MADRID — Spain inched out of its two-year recession with timid growth in the third quarter, the country’s central bank said on Wednesday, fuelling fragile hopes of a broader eurozone recovery.
News that the zone’s fourth-biggest economy may be on the mend followed signs that the bloc was heading out of its five-year crisis, but analysts warned the recovery was still slow and risk-bound.
After nine straight quarters of contraction in the second trough of a double-dip recession, the Spanish economy grew by 0.1 percent, the Bank of Spain said in a report.
The rate at which jobs were being destroyed in the recession, which has thrown millions out of work and driven up poverty, eased to its slowest rate since the start of the crisis in 2008, it added.
“In the third quarter, the Spanish economy extended the gradual improvement that it has been observing since the start of the year.”
The bank’s quarterly estimates are usually confirmed by the government’s official figures, due later this month.
The rate of destruction of jobs was 0.1 percent, “the least unfavorable rate since the start of the crisis” that erupted in 2008 with the collapse of a building boom, the bank said.
The jobless rate was a huge 26.3 percent in the second quarter, according to the government’s latest figure.
Separately the economy ministry said that Spain slashed its trade deficit in August by 42.5 percent to 1.8 million euros ($2.5 million).
The government has been trumpeting exports as one of the motors to drive the country out of its slump.
“As the slide in domestic demand peters out, the ongoing surge in exports will drive growth” in Spain, wrote analyst Holger Schmieding of Berenberg bank.
The positive data from Spain — which was a focus of anxieties for the eurozone’s stability last year — reflected signs of recovery in European countries hit by the financial crisis, such as Greece, Ireland and Portugal.
Schmieding said this was thanks to the supportive action by the European Central Bank last year.
“The worst is over.
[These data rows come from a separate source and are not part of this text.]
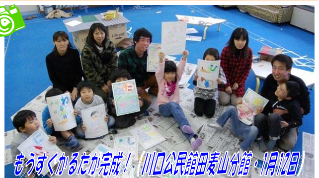
もうすぐかるた完成！(川口公民館田麦山分館・1月12日)

川口地域の除雪ボランティア「遊雪隊」が今冬も大活躍。根雪が早かったため今回で4回目、12名が2班に分かれ6戸の雪下ろしを行いました。これからもご支援よろしくお願ひします。
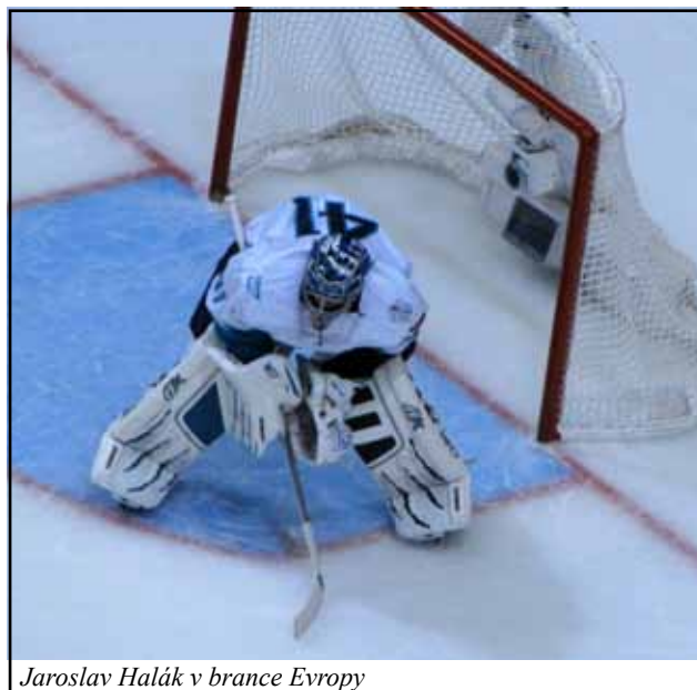
Jaroslav Halák v brance Evropy

Dnešní utkání bylo mnohem těžší než zápas proti USA. Dlouho Češi
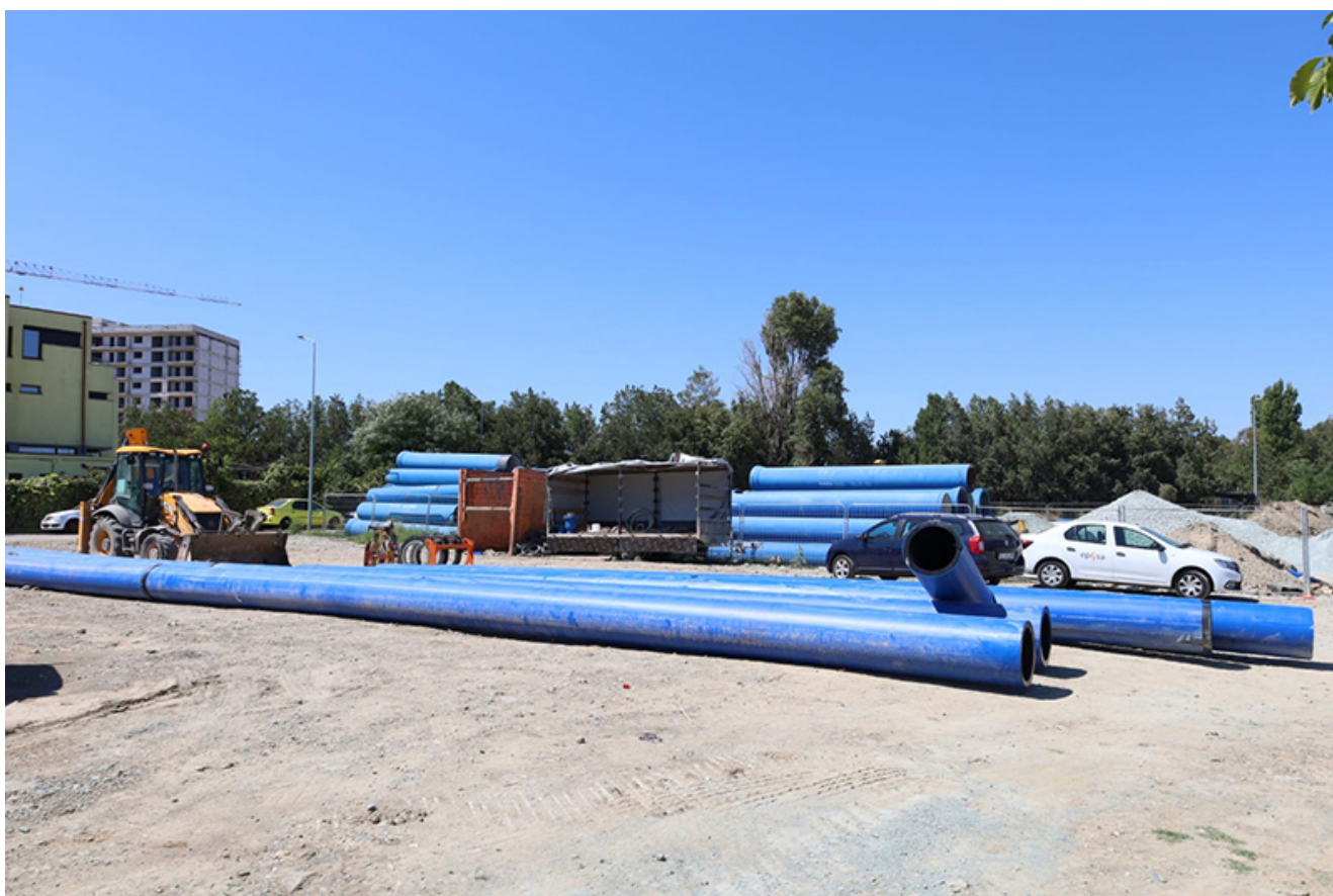
RAJA Baba Novac

Proiectul urmărește să asigure o alimentare cu apă suplimentară și alternativă pentru orașul Constanța, prin conectarea celor două Stații de pompare Palas și Călărași.
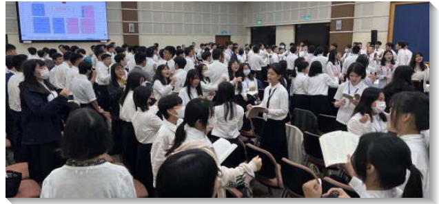
▲高中中幹聖徒在會中唱詩禱告

許多學生弟兄姊妹與服事者分享的見證，激勵了很多青少年們，盼望也能實行他們已過所作的。一位去年參加高中中幹成全的弟兄，當時宣告要在新的高中成立校園排。主應允了他的禱告，不只讓他聯繫上一位久未聚會的姊妹，還豫備了一位也是姊妹的老師來配搭，老師一次便邀了七位福音朋友來參加聚集，因此百齡高中校園排就成立了。讚美主！
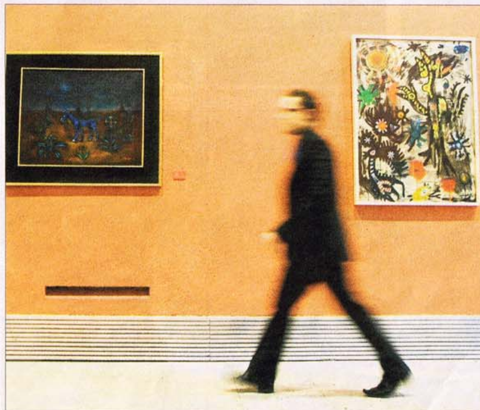
Al fondo dos obras de Joan Ponç, desde ayer en la sala de exposiciones de la Pasión.

catán muy representativo de la posguerra, enmarcado en el expresionismo pictórico hasta llegar al arte informal. Joan Ponç (1927-1984), del neohiperrrealismo, se caracteriza por las imágenes fantasmagóricas, fiel reflejo de su visión del arte como una introducción a los misterios que encierra el espíritu. Antoni Tàpies (1923) es un pintor, escultor, teórico del arte y uno de los más destacados exponentes del informalismo en todo el mundo. Brossa (1919-1998) participó en la Guerra Civil en el bando republicano y en plena contienda comenzó a escribir. Tharrats (1918-2001) muestra gran influencia de Mondrian y Kandinsky, el sociólogo y crítico de arte Puig i Grau (1926) fue uno de los principales impulsores del vanguardismo en Cataluña y el poeta y crítico Cirlot (1916-1973), estuvo muy relacionado con André Breton.
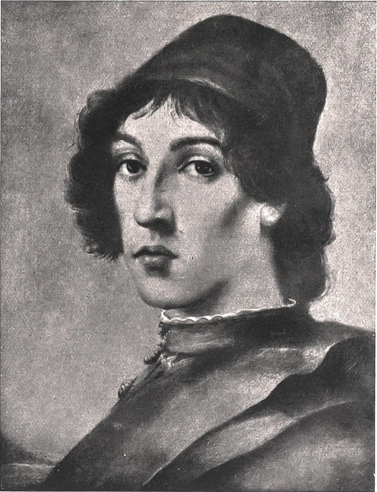
Selbstbildnis von Tommaso Masaccio, Rom, 1401—1428
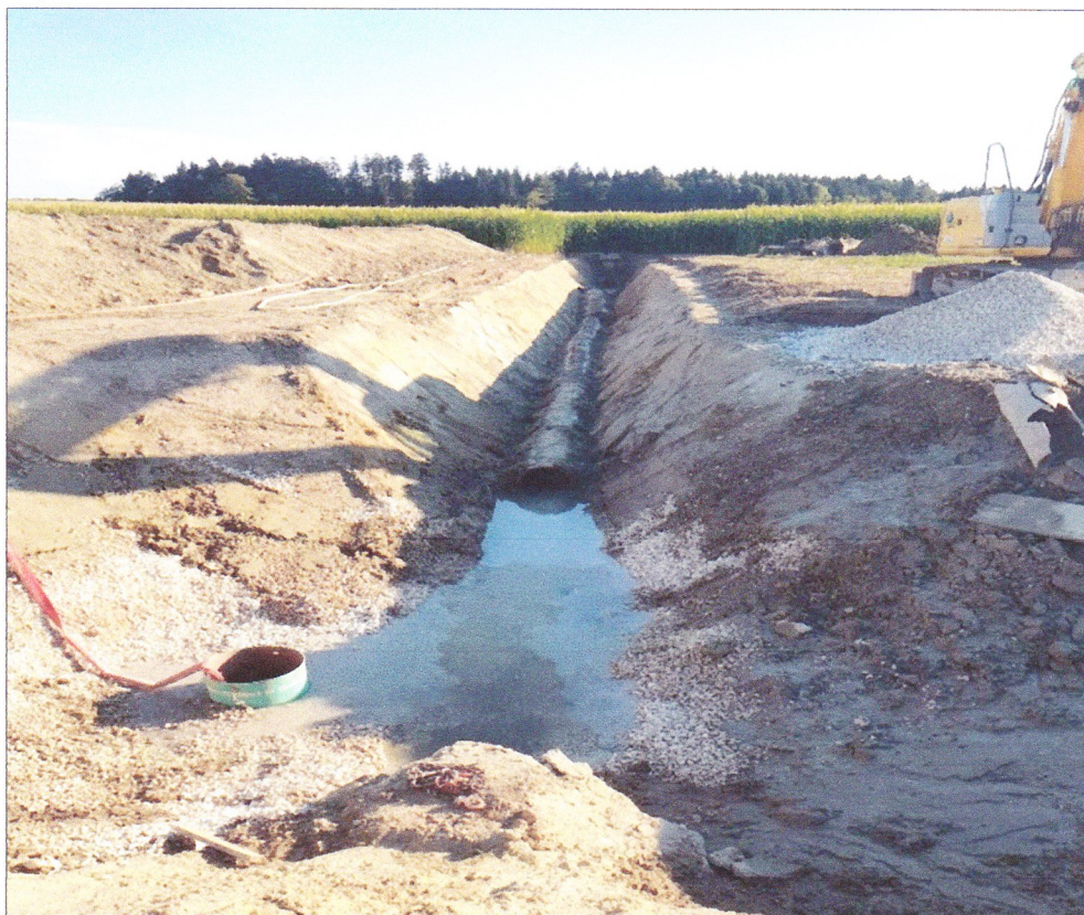
Figure 2 : Aperçu du tronçon à remplacer

L'étude réalisée par PIAL Liaudet SA démontre également que la pente d'écoulement équivaut à une pente moyenne de 0,7%, ce qui est faible. De plus, il est constaté que les mouvements de terrain, dus à un sous-sol partiellement constitué de limon fluide, transforment cette conduite centenaire en montagnes russes avec une contre-pente, mais également que cette conduite avait déjà fait l'objet d'une précédente réparation, comme en atteste la présence sur quelques mètres d'un tuyau PVC (figure 1). Une nouvelle surprise, tient au fait de la découverte que non seulement la conduite d'eau claire traverse de part en part le terrain de football, mais qu'un dépotoir existe (non accessible et pour cause) devant les buts coté Lausanne !
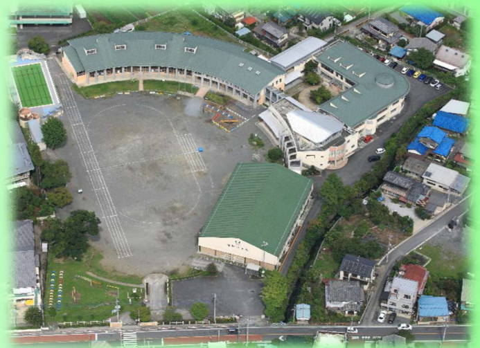
現在の校舎を上空から撮影
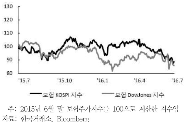
〈그림 4〉 한국, 미국 보험주가지수 추이
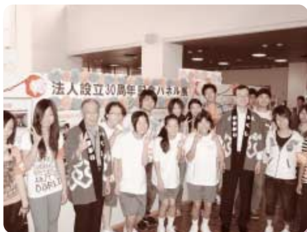
児童センターまつり ～いろいろな企画で楽しみました～
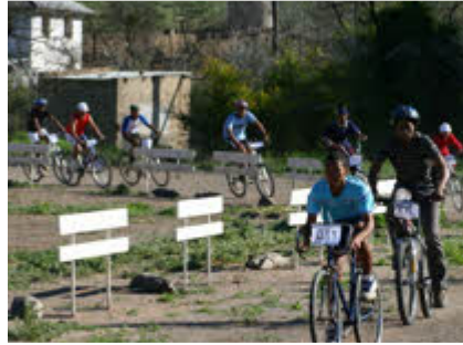
Bo: Die dikwiel resies onderweg

wen. Baviaans Munisipaliteit het die fiets gekoop, inskrywingsgeld vir voorheen benadeelde individue betaal en vir medaljes gesorg. Op hul beurt het Baviaans Toerisme fietse verskaf aan diegene wat nie hulle eie gehad het nie.
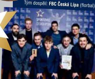
Tým dospělí: FBC Česká Lípa (florbal)
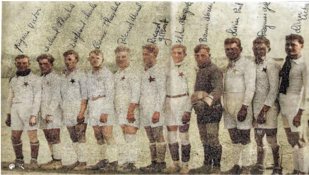
els jugadors de l'equip de l'ESA Villelaure, 1926-1927.
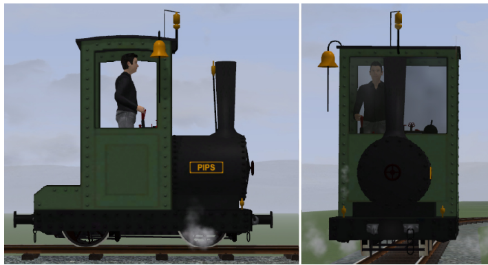
Lok grün, Fahrwerk schwarz, goldene Glocke, Pfeife und Ventile (Modellname: Bn2t PIPS (KK1) – Dateiname: AA_PIPS_KK1)
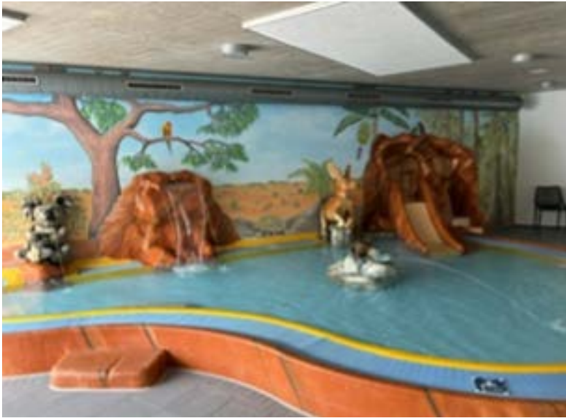
Links des Hauptbeckens befindet sich der Kinder- und Babybereich. Wassertiefe: 0,30 m
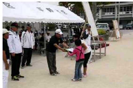
(8)成績発表05(個人優秀賞)
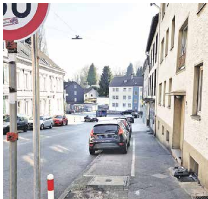
Blick von der Einmündung Monschaustraße bergab: Auch hier gibt es kein Schild, das Gehwegparken ausdrücklich erlaubt.

Wie die Verwaltung auf den Antrag reagiert und ob sie das zuvor tolerierte Bürgersteigparken wieder erlaubt, ist noch offen.
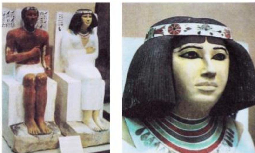
Рисунок 6 – Царевич Рахотеп и его жена Неферт 45
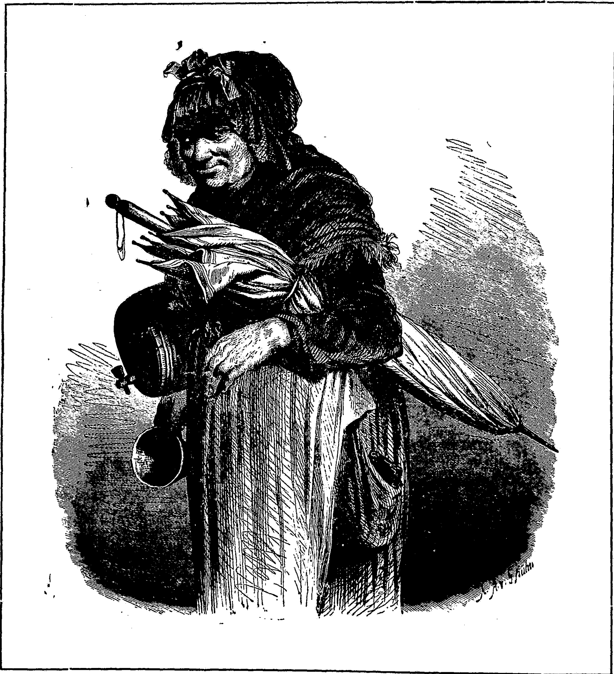
Fővárosi életképek. — III. A tintás-asszony.

A „ Magyar Szemle “ első füzete, mely már januárra szól, megjelent hetedfél sűrűn nyomott íven. A mint említettük, a negyedév óta pihenő „Havi Szemle“ folytatása ez, és szintén Bodnár Zsigmond szerkeszti. Nagyon kívánatos, hogy irodalmi vállalatunk, melyek komoly közönségre számítanak, izmosodjanak és terjedjenek, és a „Budapesti Szemle“, a „Magyar Szemle“, a „Koszoru“ tömegesen feltalálják olvasóikat. Elég

One by one, the euro crisis countries are returning to growth after a savage adjustment recession,” the analyst wrote on Wednesday.
France, the eurozone’s second-biggest economy, has confirmed that it exited recession in the second quarter.
A recent estimate by statistics institutes in France, Germany and Italy forecast that the eurozone overall would return to timid growth of 0.1 percent in the third quarter.
Other analysts warned of tough challenges to the recovery, however, with banks still reluctant to lend.
Spanish unions and the political opposition say ordinary people will continue to suffer from unemployment and public spending cuts.
“We expect private deleveraging together with tight financial conditions and the ongoing adjustment in the housing sector to continue to cap any significant economic growth in Spain in the following years,” wrote analysts from Citi bank in a report on Wednesday.
The Bank of Spain said eurozone forecasts indicate that “the recovery will gradually consolidate as internal demand strengthens”.
But it cautioned that the recovery was so far “only modest, fragile and subject to downside risks.”
Spain’s conservative government is forecasting an overall decline of 1.3 percent output in 2013 before a return to growth of 0.7 percent over 2014.
It forecasts an unemployment rate of 26.6 percent his year and 25.9 percent in 2014.
The International Monetary Fund has warned Spain’s rate will stay above 25 percent until 2018.
Ben May, an economist at London-based research group Capital Economics, wrote in a note: “We doubt that the economy will generate a strong enough recovery to bring the unemployment rate and public debt down significantly over the next couple of years.”